Investors who are interested in acquiring distressed properties are confident that there is an adequate supply of inventory available to choose from throughout the country, according to a survey by Information Management Network.
In the survey that featured real estate funds, plan sponsors, endowments, foundations, institutional investors and industry service providers, 98% of these individuals believe there is still a good supply of distressed real estate investment opportunities in many markets.
The majority of survey respondents, approximately 78%, feel that the real estate investment climate is improving. One factor that has had a major affect on the housing industry is obtaining financing for a property, but 70% of surveyors feel that financing has gotten easier.
However, out of the 98% who think now is still a good time to purchase distressed properties, only 42.9% said they would buy a note from a bank, foreclose on the mortgage and then take over the asset.

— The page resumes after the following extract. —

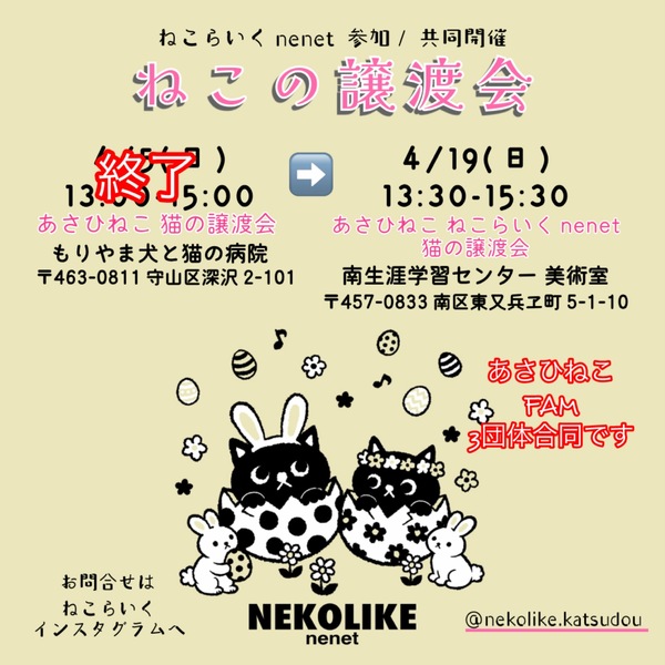 | イベント内容 | ねこらいくnenet主催 保護猫の譲渡会^._.^ 3団体合同譲渡会です! 〇予約・入場料不要〇 実際に猫を見てから考えたい飼育の仕方について質問したい・・・などすぐに決められない方でも結構です。 ぜひ、お気軽に譲渡会へおこしください♪ ○保護主により譲渡条件が異なりますのでご確認ください 〇室内飼い、家族全員の同意、治療費の負担などお願いごとがあります 〇1~2週間のお試し飼育期間があります 〇当日、猫を連れて帰ることはできません *参加予定猫が急な体調変化により会場に来れない場合もあります。ご了承いただきますようお願いします。 参加ボランティア(五十音順) あさひねこ @owariasahineko 動物保護施設FAM @animalshelter.fam ねこらいくnenet @nekolike.katsudou 【南生涯学習センター】 市バス「日本ガイシスポーツプラザ」下車 北へ約500m JR「笠寺」下車 西へ約500m ※車でお越しの方へ 南生涯学習センター駐車場が満車の場合は、隣接する南保健センター駐車場をご利用ください(駐車後、生涯学習センター受付で料金支払い300円)。 どちらも満車の場合は、日本ガイシホール駐車場か周辺のコインパーキングのご利用をお願いいたします。 |
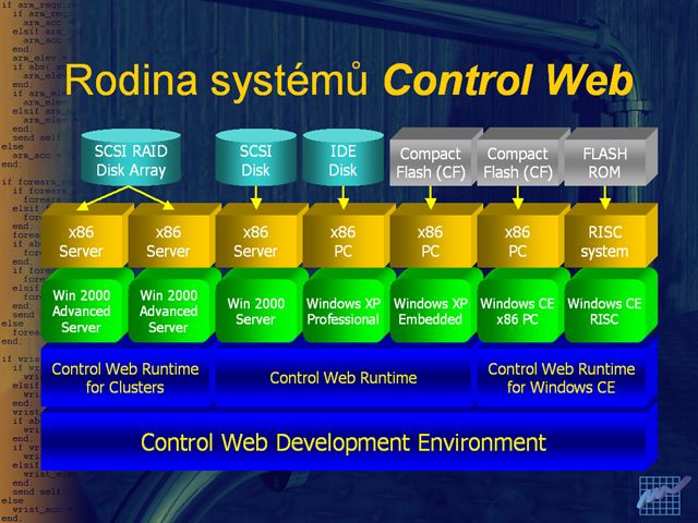 It is difficult to define „what it is“ Control Web or to name all its features on limited space. Control Web can work as simple and accessible tool for implementation of small hydro control system. It can also work as a tool for creation of large-scale enterprise distributed application capable to communicate over tenths of thousands of input/output points, containing hundreds of operator panels, working on number of distributed computers within a network. Control Web can also act as software bridge among SQL database, WWW browsers and GSM mobile phone network. Control Web is a fun tool saving a lot of work in school laboratories, performing automatic measurement and creating protocols for many students.

According to the IMN survey, nearly 57% think that returns will be strongest in secondary markets compared to Gateway cities.
Besides investing in the U.S. market, 23% of investors were most interested in buying assets in Brazil, followed by Canada at 18% and 8.3% for the United Kingdom, China and Australia.

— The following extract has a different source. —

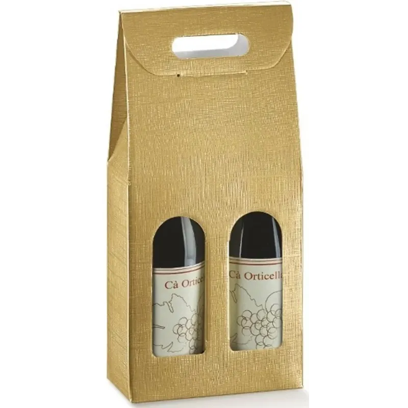 Tato laminovaná kartonová krabice o tloušťce větší než 2 mm, která je ideální pro bary, vinotéky a podniky, které chtějí stylově prezentovat víno, pojme dvě standardní lahve svisle. Dorazí naplocho, sestaví se během několika sekund a uzavře se pomocí robustních vnitřních klop, bez lepidla nebo pásky. Přední okno chrání sklo, ale umožňuje viditelnost štítků, zatímco matný povrch je nabízen ve vínové, zelené, modré, černé, zlaté a havanské barvě, aby ladil s každou produktovou řadou nebo dárkovou sezónou. Je lehký, rychle sestavitelný a plně recyklovatelný, takže dodává profesionální nádech prodeji v obchodech, donáškám jídla s sebou a vánočním dárkům.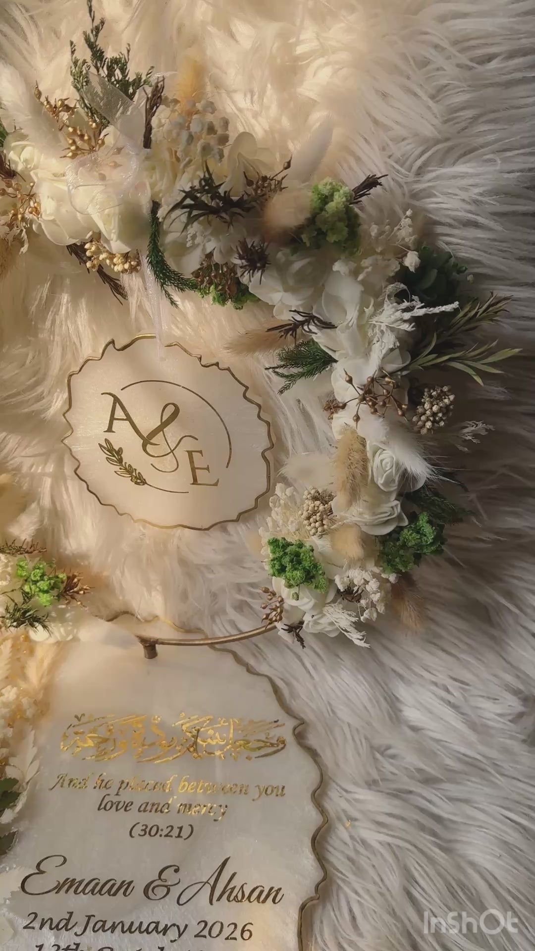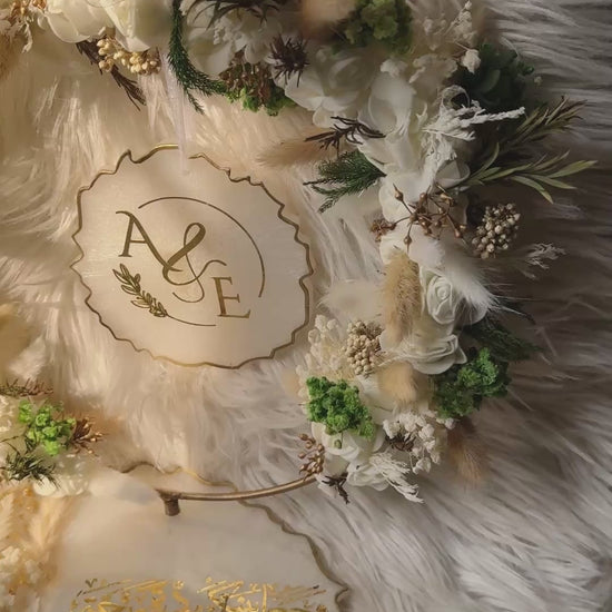 Preserve your sacred Nikah moments with this luxury handmade customized resin plaque set, thoughtfully designed with an elegant floral wreath frame and a matching personalized plaque. Adorned with dried florals, soft neutral tones, and premium gold detailing, this piece beautifully reflects love, faith, and elegance.

One company that recently purchased a distressed asset for a significant return is Baceline Investments. The Denver-based private equity real estate investment company bought a foreclosed multi-tenant retail center in Sedona, Ariz. called Tequa Festival Marketplace for $4.1 million, which is approximately 20% of the property’s original loan of $20.3 million.

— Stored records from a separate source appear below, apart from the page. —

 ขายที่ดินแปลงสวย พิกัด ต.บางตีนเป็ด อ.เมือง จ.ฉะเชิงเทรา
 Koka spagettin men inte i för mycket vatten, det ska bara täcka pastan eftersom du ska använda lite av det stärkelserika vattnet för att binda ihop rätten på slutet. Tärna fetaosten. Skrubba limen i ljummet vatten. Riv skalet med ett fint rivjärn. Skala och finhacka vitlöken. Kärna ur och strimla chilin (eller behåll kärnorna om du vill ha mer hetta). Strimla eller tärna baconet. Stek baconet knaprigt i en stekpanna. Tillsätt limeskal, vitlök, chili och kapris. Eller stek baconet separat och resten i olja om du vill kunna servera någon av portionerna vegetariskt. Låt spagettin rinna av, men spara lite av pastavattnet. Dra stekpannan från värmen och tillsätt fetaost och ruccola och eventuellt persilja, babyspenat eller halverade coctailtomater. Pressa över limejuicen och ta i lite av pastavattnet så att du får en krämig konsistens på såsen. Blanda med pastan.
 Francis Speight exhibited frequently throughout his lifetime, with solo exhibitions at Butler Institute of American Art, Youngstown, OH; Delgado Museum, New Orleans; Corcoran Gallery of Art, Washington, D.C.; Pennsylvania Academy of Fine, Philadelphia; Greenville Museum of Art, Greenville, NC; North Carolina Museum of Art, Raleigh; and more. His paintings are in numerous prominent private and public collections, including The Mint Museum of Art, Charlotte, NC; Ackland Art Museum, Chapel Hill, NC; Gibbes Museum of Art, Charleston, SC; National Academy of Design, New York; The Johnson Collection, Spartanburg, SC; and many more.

“Many in the industry thought that the commercial real estate downturn would cycle through by the end of 2009, but nearly three years later we are seeing that extraordinarily low purchase price deals still exist,” said David Puchi, principal of Baceline Investments.
“The general feeling is that big players in the commercial real estate market are chasing a limited number of investment properties on the coasts,” Puchi added. “With the majority of investment capital seeking property almost solely on the East and West coast, more and more they are finding a high barrier to entry because of the scarcity premium in those geographic markets.”
Baceline’s distressed property initiative is designed to acquire valuable commercial properties that have suffered from the credit crunch and financial market instability caused by the most recent recession.
Property types that the company acquires include retail, industrial, portfolios up to $100 million and single assets that range from $2 million to $30 million. The target markets Baceline focuses on purchasing properties include the Rocky Mountains, the Southwest and Midwest.